Shortly after 7 p.m. came word of an attic fire at a home in the 21000 block of SE Chilliwack Way, east of 27 th Street. Crews arrived to find light smoke coming from the roof vents, said Bend Fire Battalion Chief Dave Howe. Crews quickly put out a fire in one room, causing about $40,000 in damage to the structure and contents.
While some thought the home was struck by lightning, Howe said a power company official found that the electrical transformer feeding the home was hit by lightning. The investigation continues, but Howe said it appears the fire probably was caused by a power surge from lightning hitting the transformer.
The Red Cross said it provided recovery and disaster help information to the two adults living in the home.
Lightning also struck Pacific Power equipment on Bend’s Eastside shortly before 7 p.m., knocking out service to 117 customers, a spokesman said. Power was restored around 9:15 p.m.
Woodriver Village resident Edward Haverly said they were sitting on their porch when what he called a “tornado” blew through with intense winds and toppled the top 40 feet of a Ponderosa pine on his property, narrowly missing the house.
“We were very lucky we weren’t killed,” Haverly said. “I’ve lived here 25 years and I’ve never seen anything like it.”
There were more than 750 lightning strikes recorded over a broad swath of Central Oregon, extending south to portions of the Fremont-Winema National Forest, said Jada Altman of the Central Oregon Interagency Dispatch Center in Prineville.
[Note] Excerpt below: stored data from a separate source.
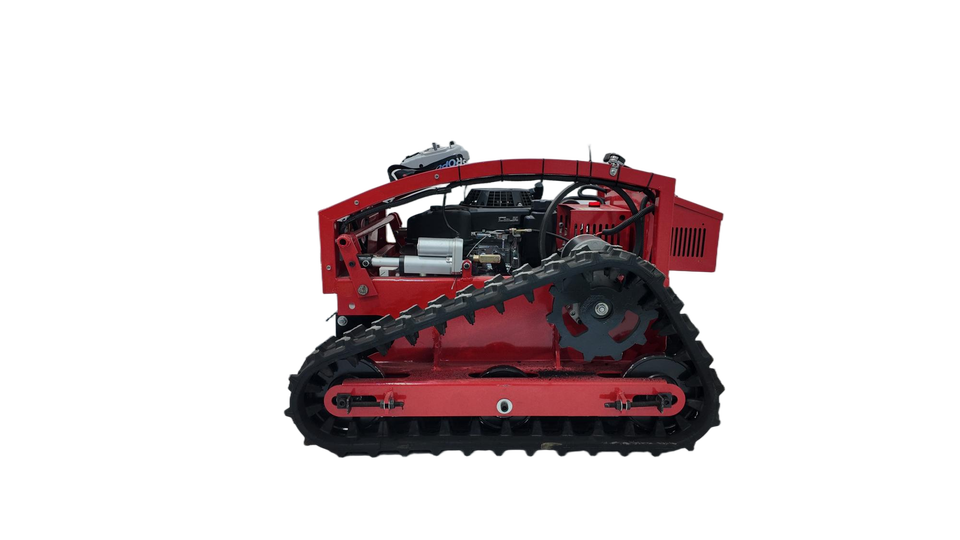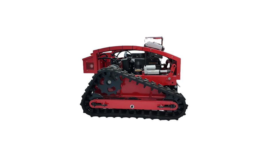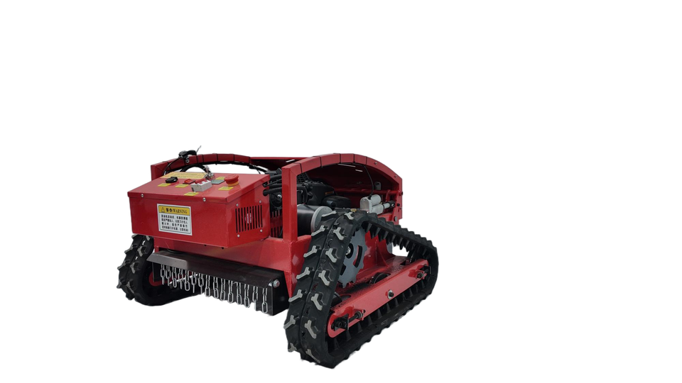 เครื่องตัดหญ้าแบบสายพานตีนตะขาบ 9 แรงม้า ใช้เชื้อเพลิงเบนซิน ควบคุมด้วยรีโมท สำหรับตัดหญ้าในสวนผลไม้และพื้นที่ลาดชัน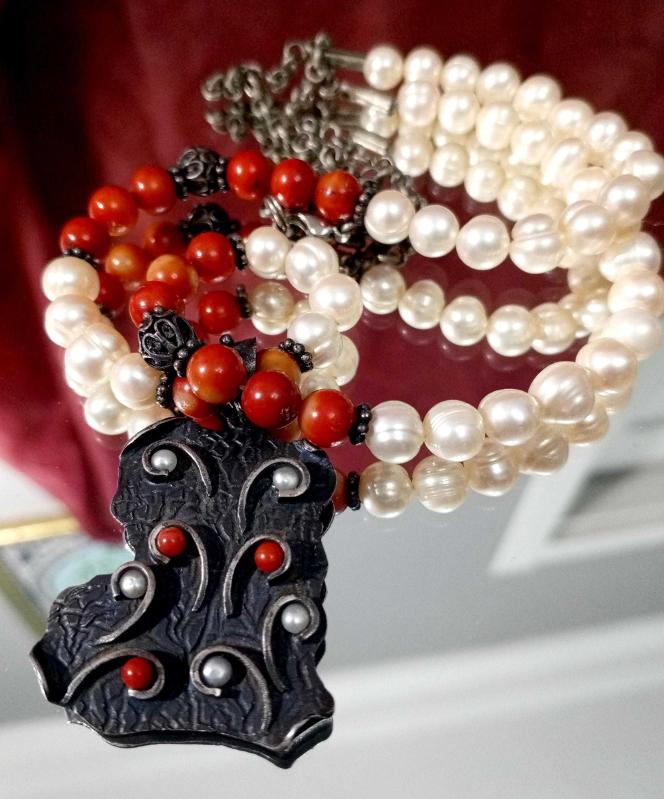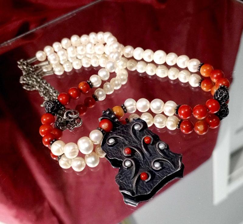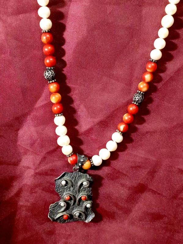 GÜMÜŞ UÇ'LU GÜMÜŞ APARAT'LI İNCİ KOLYE KOLYE UCUNDA MERCAN DETAYLAR MEVCUT. DİKKAT ZİNCİR GÜMÜŞ DEĞİL başlıklı antika/koleksiyon objesinin menşei belirtilmemiştir. Objenin ait olduğu dönem bilinmeketedir.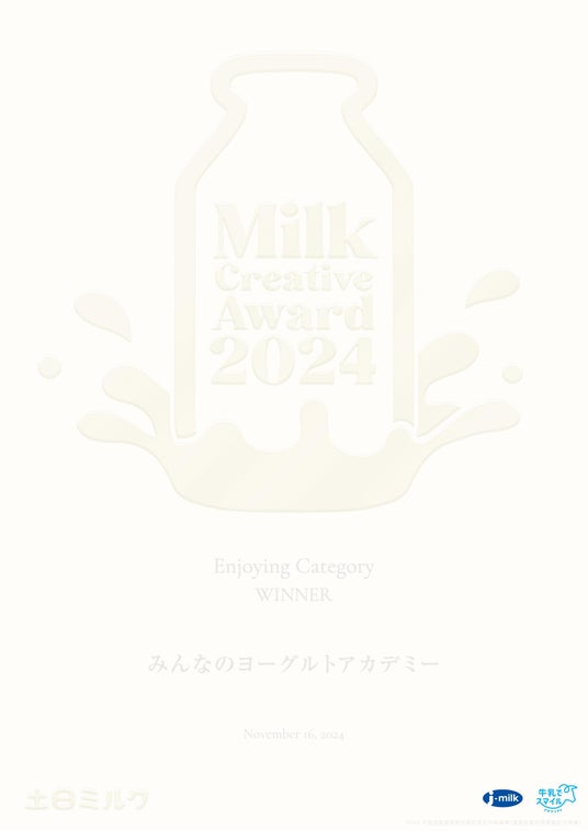 Jミルクは、「学校給食がない日も牛乳を飲もう」をテーマに、小中学生の子どもとその保護者を主な対象として取り組む「土日ミルク」の一環として、牛乳・乳製品の新しい楽しみ方をより多くの方に知っていただくため、1000人以上の酪農乳業関係者やミルクファンによる投票で「Milk Creative Award by 土日ミルク」を実施しました。2024年11月16日(土)に最優秀賞を決定し、東京・豊洲で開催し約3万人が来場した『ワクワク・ゴクゴク・パクパク 土日ミルクフェス2024』で発表いたしました。
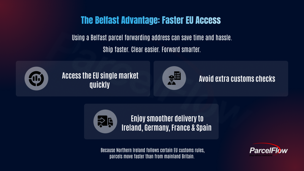 Because Northern Ireland continues to follow certain EU customs rules under the Northern Ireland Protocol, parcels moving from Belfast to EU countries often clear faster and with less red tape than those from mainland Britain.
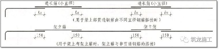 梁上部不同直径通长筋搭接长度设置(16G101-1 P84)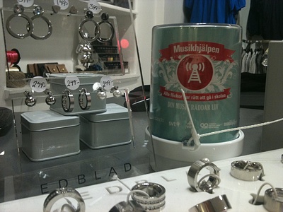 I år sänder P3 programmet "Musikhjälpen" från Göteborg så jag var nere nu på lunchen och skänkte två kassar med vantar och passade även på att registrerade mig för en insamlingsbössa som jag gick runt och skramlade med. Nu står bössan här på kassadisken i butiken så jag hoppas Göteborgskunderna fortsätter att skänka pengar till insamlingen, på lördag ska jag lämna in den och då hoppas jag kunna lämna in en välfylld bössa (den är nästan halvfull redan nu så det ser lovande ut).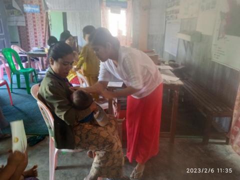 မအီမြို့၌ အသက် ၂ နှစ်အောက်ကလေးများနှင့် ကိုယ်ဝန်ဆောင်မိခင်များအား ပုံမှန်ကာကွယ်ဆေး ထိုးနှံတိုက်ကျွေးခြင်းများဆောင်ရွက်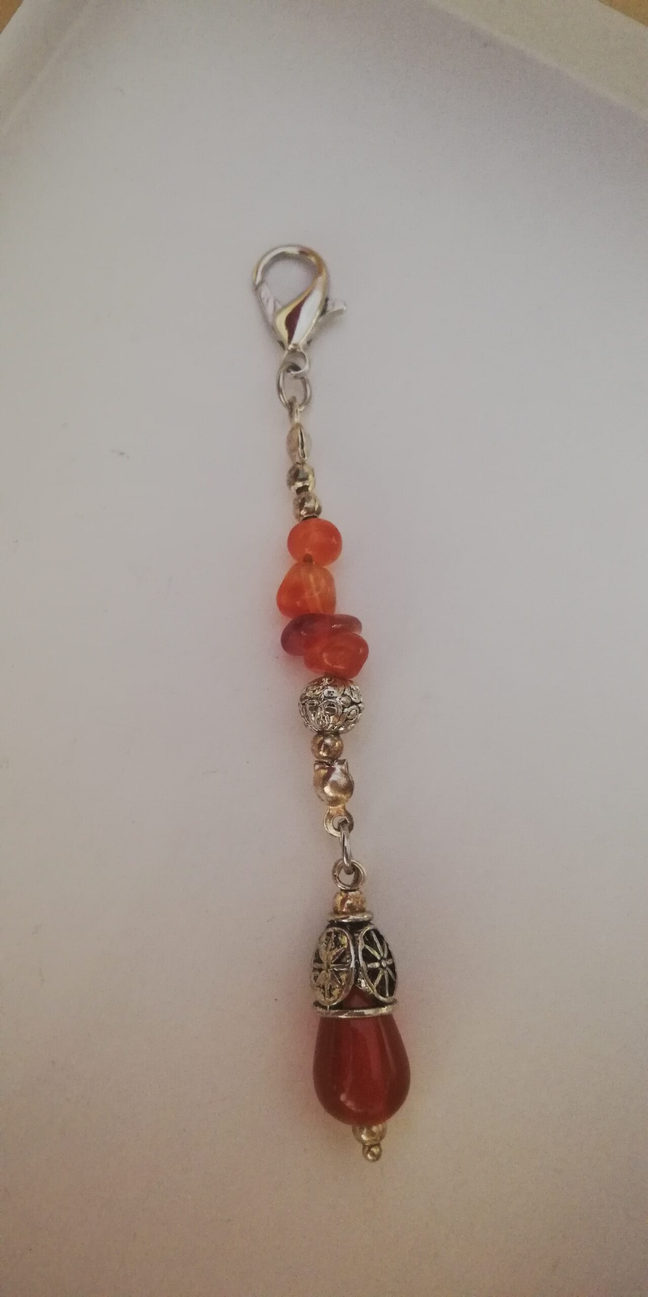 Karneolból készült cipzár dísz. Mutatós dísz táskára, ruházatra.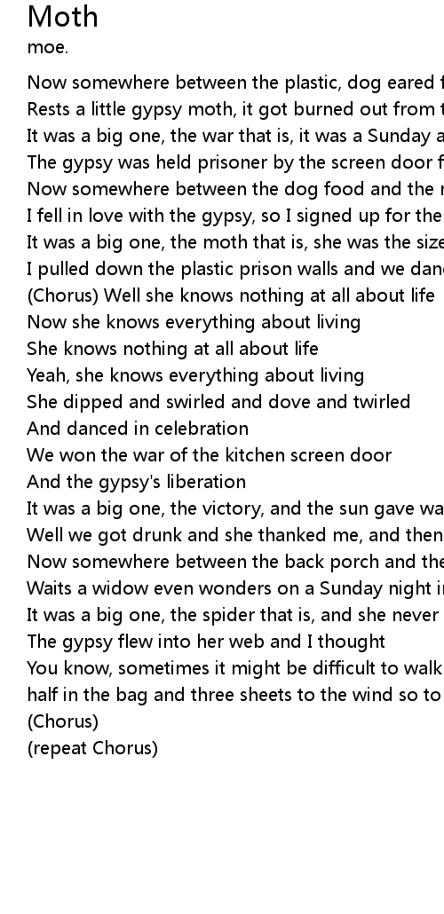 | Rests a little gypsy moth, it got burned out from the war | |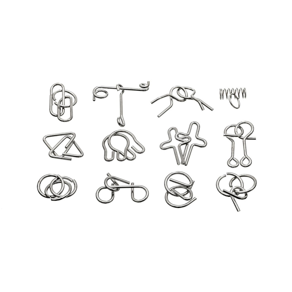 Set med 12 kluriga metallpussel som utmanar!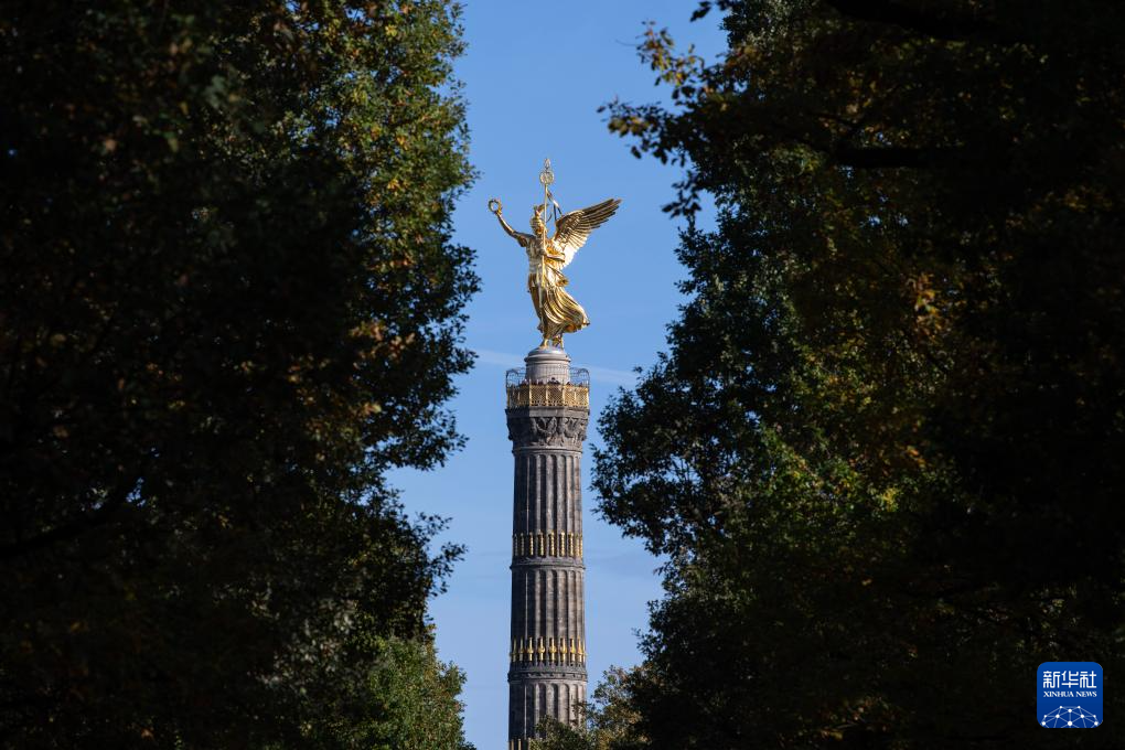 这是10月29日在德国柏林拍摄的胜利纪念柱。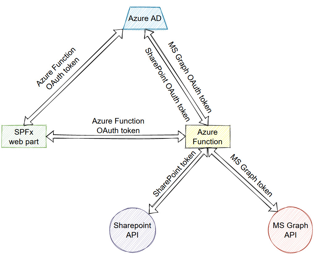 In this scenario, the SharePoint Framework web part doesn’t access SharePoint or MS Graph API directly. Instead, we talk to those APIs using backend code in Azure Function (might be any other web tech). Our Azure function is protected with Azure AD authentication, thus the web part uses OAuth implicit flow to get access token for Azure Function specifically. In Azure Function, we again talk to Azure AD and perform on-behalf-of flow in order to exchange Function access token for a token for another service (SharePoint, MS Graph, etc.). Using on-behalf-of flow we generate a user access token for organizational APIs and act on behalf of a currently logged in user.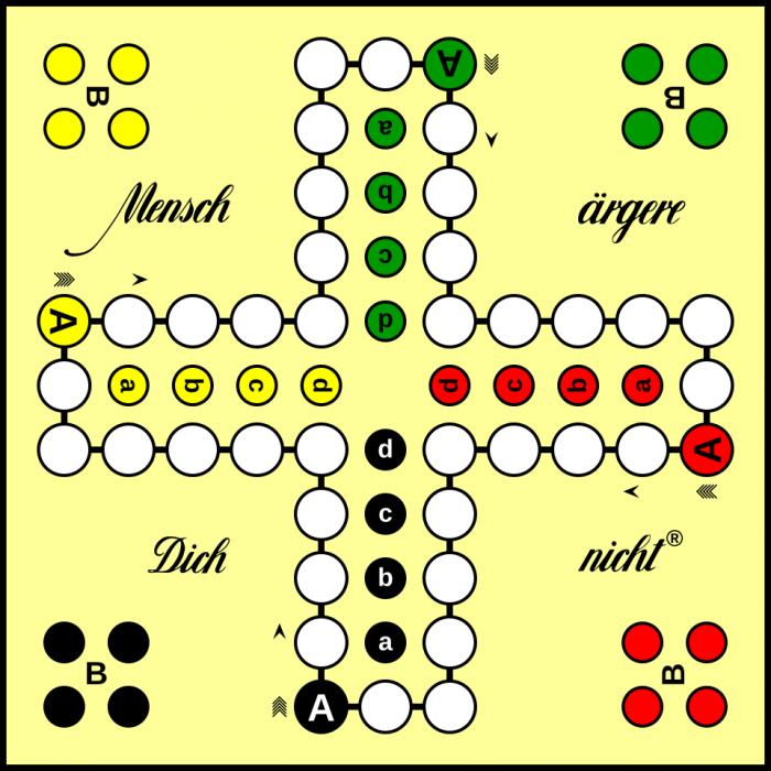 На игралната дъска за максимум четирима души, четирите различно оцветени начални квадрата (обикновено червено, черно, зелено и жълто) са маркирани в ъглите, всеки с четири позиции (брой игрални фигури на играч). Полето A („Начало“ (също S-поле („Старт“); вижте Фигура 2) маркира началната позиция на новопоставена игрална фигура, когато се хвърли шестица. Стрелката показва посоката на движение. След едно завъртане, игралната фигура трябва да се премести до четирите съответно оцветени целеви квадрата. Полето за шест души е проектирано по подобен начин.

Five smoke columns were spotted by lookouts, and crews found one of the two in a small fire doused near Finley Butte.
But officials said a fire that burned a half-acre of private land two miles south of Skull Hollow Campground, near Smith Rock, was not caused by lightning but a human-caused debris burn that escaped and was tackled by Crook County and BLM fire crews.
The heavy rainfall – at a rate of nearly three inches an hour, according to NewsChannel 21 meteorologist Travis Knudsen – no doubt put a damper on things and kept even more fires from breaking out. But other areas got little or no rain, so the watch for sleeper or holdover fires will begin as temperatures stay hot for the next several days.
Speaking of heat, the storms also did what they often do on the High Desert — cool things down fast. Bend Airport was still sizzling at its high of 93 degrees at 5:15 p.m. – but had plunged nearly 20 degrees, to 75 degrees by around 8 p.m.